*** Record excerpts Section Begins ***
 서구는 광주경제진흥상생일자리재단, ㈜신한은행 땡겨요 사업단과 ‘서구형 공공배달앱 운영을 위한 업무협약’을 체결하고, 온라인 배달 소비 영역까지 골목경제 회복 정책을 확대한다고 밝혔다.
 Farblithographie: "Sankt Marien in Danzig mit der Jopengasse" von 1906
*** Record excerpts Section Ends ***
*** Record excerpts Section Begins ***
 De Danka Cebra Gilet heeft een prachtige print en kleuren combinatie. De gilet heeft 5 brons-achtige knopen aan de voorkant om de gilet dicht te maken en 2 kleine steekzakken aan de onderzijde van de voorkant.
*** Record excerpts Section Ends ***
*** Record excerpts Section Begins ***
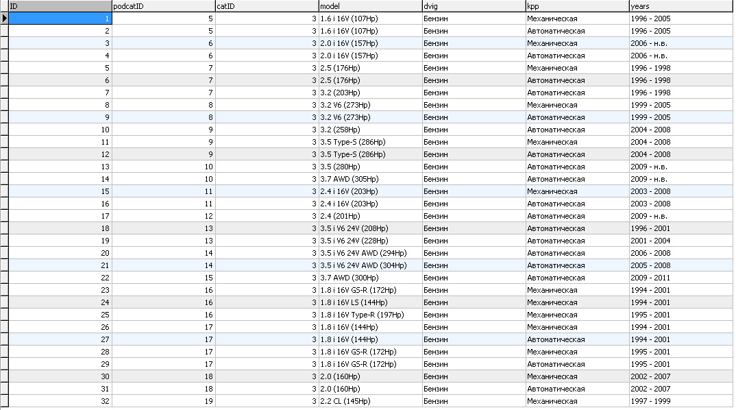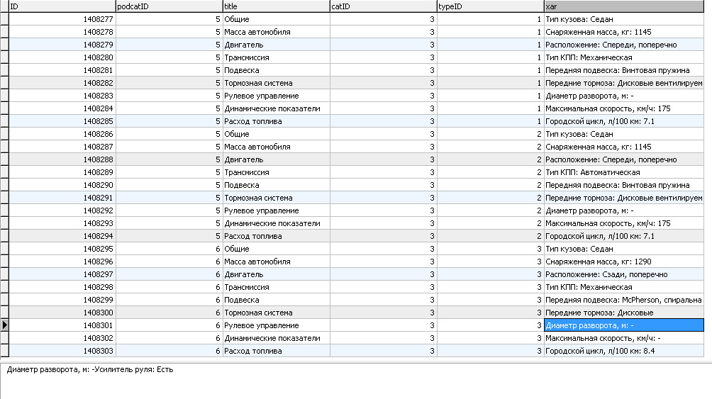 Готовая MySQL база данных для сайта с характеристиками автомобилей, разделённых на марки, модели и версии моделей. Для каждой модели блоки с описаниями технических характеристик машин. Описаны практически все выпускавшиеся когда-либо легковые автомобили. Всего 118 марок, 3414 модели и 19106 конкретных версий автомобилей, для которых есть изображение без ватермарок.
*** Record excerpts Section Ends ***
What needs to be done
Print again the lines of the entries above that fall between the line holding "서구는 광주경제진흥상생일자리재단, ㈜신한은행" and the line holding "Marien in Danzig", inclusive, exactly as they stand.

Solution to this task
 서구는 광주경제진흥상생일자리재단, ㈜신한은행 땡겨요 사업단과 ‘서구형 공공배달앱 운영을 위한 업무협약’을 체결하고, 온라인 배달 소비 영역까지 골목경제 회복 정책을 확대한다고 밝혔다.
 Farblithographie: "Sankt Marien in Danzig mit der Jopengasse" von 1906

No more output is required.